### [DIRECTIONS]
Return the listing in full and exactly, but without a single picture.

### [DATASET SECTION]
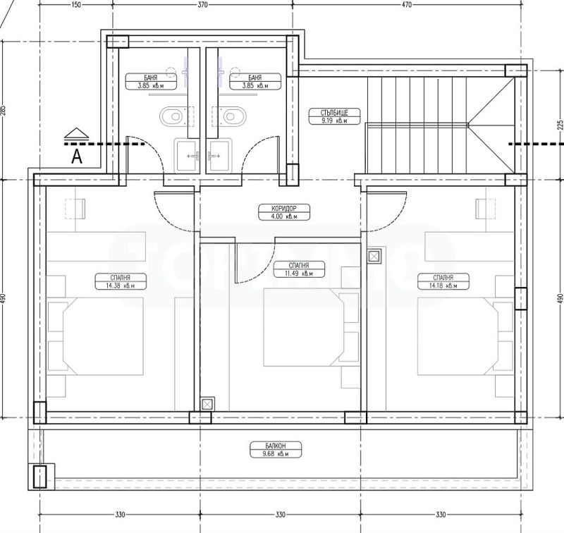 Втори етаж: коридор, родителска спалня 14.4 кв.м. със собствен санитарен възел, втора спалня 11.5 кв.м., трета спалня 14.2 кв.м., втори санитарен възел на етажа, трите стаи с излаз на тераса.
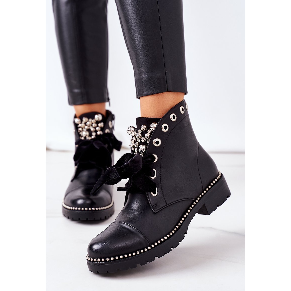 The model is characterized by an original upper cut and unique decorations. Metal pearls, jets and ribbon give the shoes a unique charm, thanks to which they will certainly attract the attention of others. The boots are available in classic black, which makes them a universal addition to many styles.
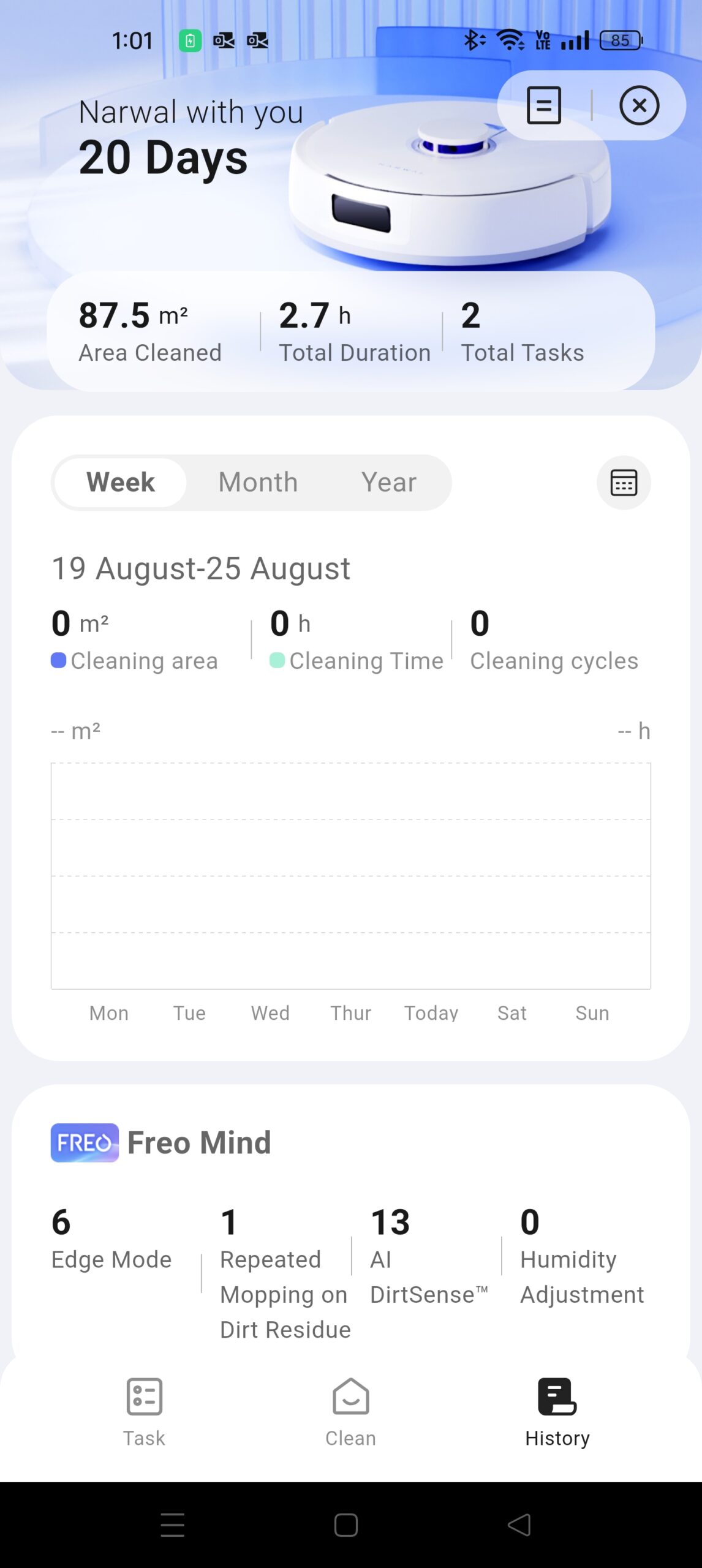 The Narwal app looks classy but is less featured than other Gen4s. I suspect that is because Freo Mind makes the decisions for you.

### [ANSWER SPACE]
 Втори етаж: коридор, родителска спалня 14.4 кв.м. със собствен санитарен възел, втора спалня 11.5 кв.м., трета спалня 14.2 кв.м., втори санитарен възел на етажа, трите стаи с излаз на тераса.
 The model is characterized by an original upper cut and unique decorations. Metal pearls, jets and ribbon give the shoes a unique charm, thanks to which they will certainly attract the attention of others. The boots are available in classic black, which makes them a universal addition to many styles.
 The Narwal app looks classy but is less featured than other Gen4s. I suspect that is because Freo Mind makes the decisions for you.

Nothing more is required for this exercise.